A covariant Stinespring theorem

TL;DR

This paper establishes a finite-dimensional covariant Stinespring theorem for compact quantum groups, extending classical results to a quantum group setting with categorical and algebraic structures.

Contribution

It introduces a covariant Stinespring theorem for compact quantum groups within a categorical framework, generalizing classical dilation results to quantum symmetries.

Findings

Finite-dimensional G-C*-algebras correspond to 1-morphisms in a module category.

Covariant CP maps can be dilated to isometries with a unique minimal environment.
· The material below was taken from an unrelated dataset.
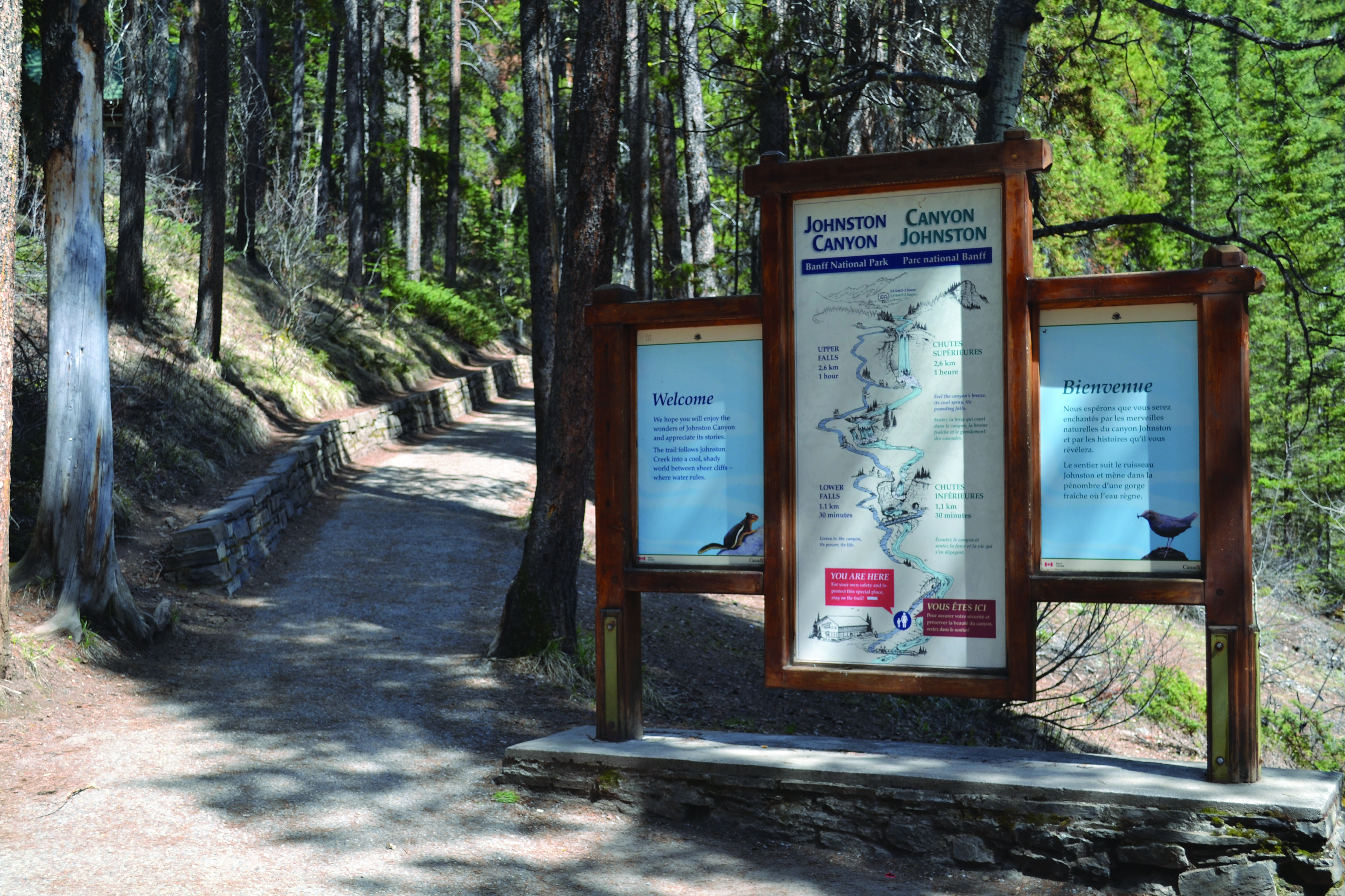 This past weekend we ventured out of the city to Banff National Park located west of Calgary in the mountains. In the park we stopped at Johnston Canyon. We walked to the lower falls and then further on to the upper falls. It was a beautiful day for a hike. Here are some photos from the day.

Recovers classical covariant Stinespring theorems when G is a compact group.

Abstract

We prove a finite-dimensional covariant Stinespring theorem for compact quantum groups. Let G be a compact quantum group, and let T:= Rep(G) be the rigid C*-tensor category of finite-dimensional continuous unitary representations of G. Let Mod(T) be the rigid C*-2-category of cofinite semisimple finitely decomposable T-module categories. We show that finite-dimensional G-C*-algebras can be identified with equivalence classes of 1-morphisms out of the object T in Mod(T). For 1-morphisms X: T -> M1, Y: T -> M2, we show that covariant completely positive maps between the corresponding G-C*-algebras can be 'dilated' to isometries t: X -> Y \otimes E, where E: M2 -> M1 is some 'environment' 1-morphism. Dilations are unique up to partial isometry on the environment; in particular, the dilation minimising the quantum dimension of the environment is unique up to a unitary. When G is a compact group this recovers previous covariant Stinespring-type theorems.